### Collected data
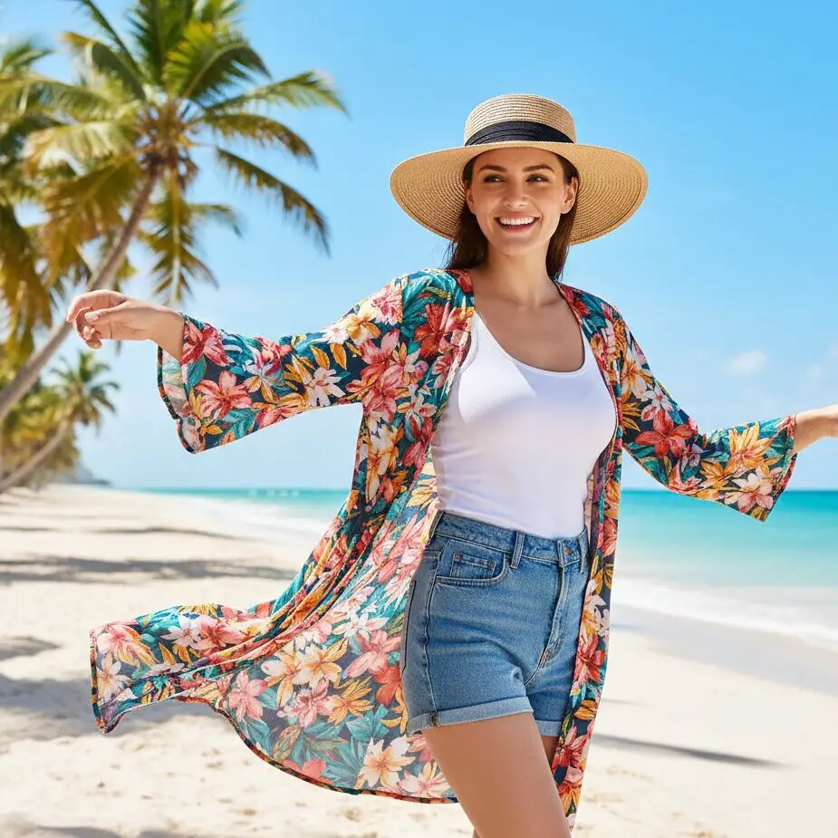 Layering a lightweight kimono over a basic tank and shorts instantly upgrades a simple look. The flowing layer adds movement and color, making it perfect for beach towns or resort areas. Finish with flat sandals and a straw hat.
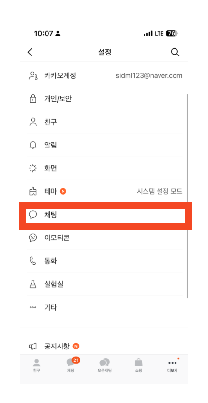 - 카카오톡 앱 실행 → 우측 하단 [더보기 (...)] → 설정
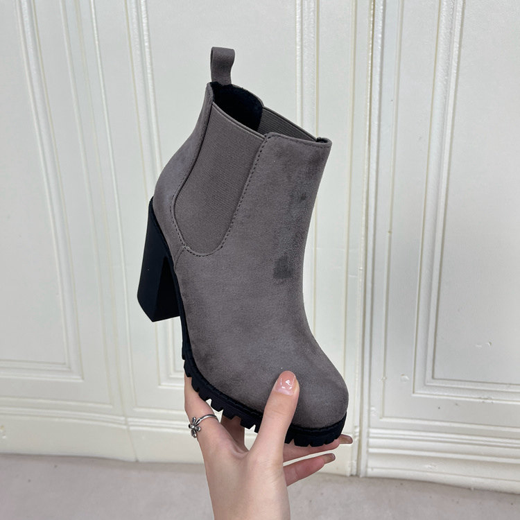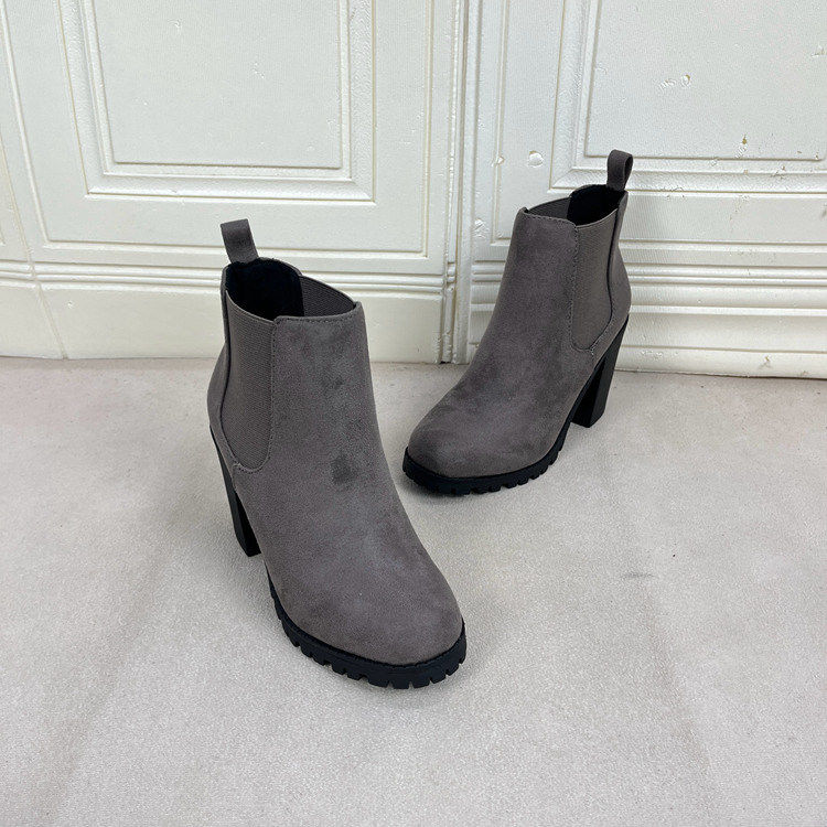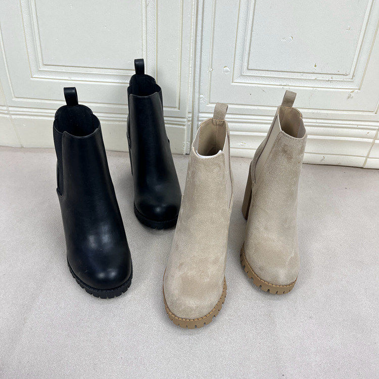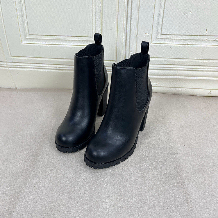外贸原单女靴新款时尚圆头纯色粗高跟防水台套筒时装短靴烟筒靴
######
To do:
Word for word, copy every line of the data, excluding any pictures.

Response to the task:
 Layering a lightweight kimono over a basic tank and shorts instantly upgrades a simple look. The flowing layer adds movement and color, making it perfect for beach towns or resort areas. Finish with flat sandals and a straw hat.
 - 카카오톡 앱 실행 → 우측 하단 [더보기 (...)] → 설정
外贸原单女靴新款时尚圆头纯色粗高跟防水台套筒时装短靴烟筒靴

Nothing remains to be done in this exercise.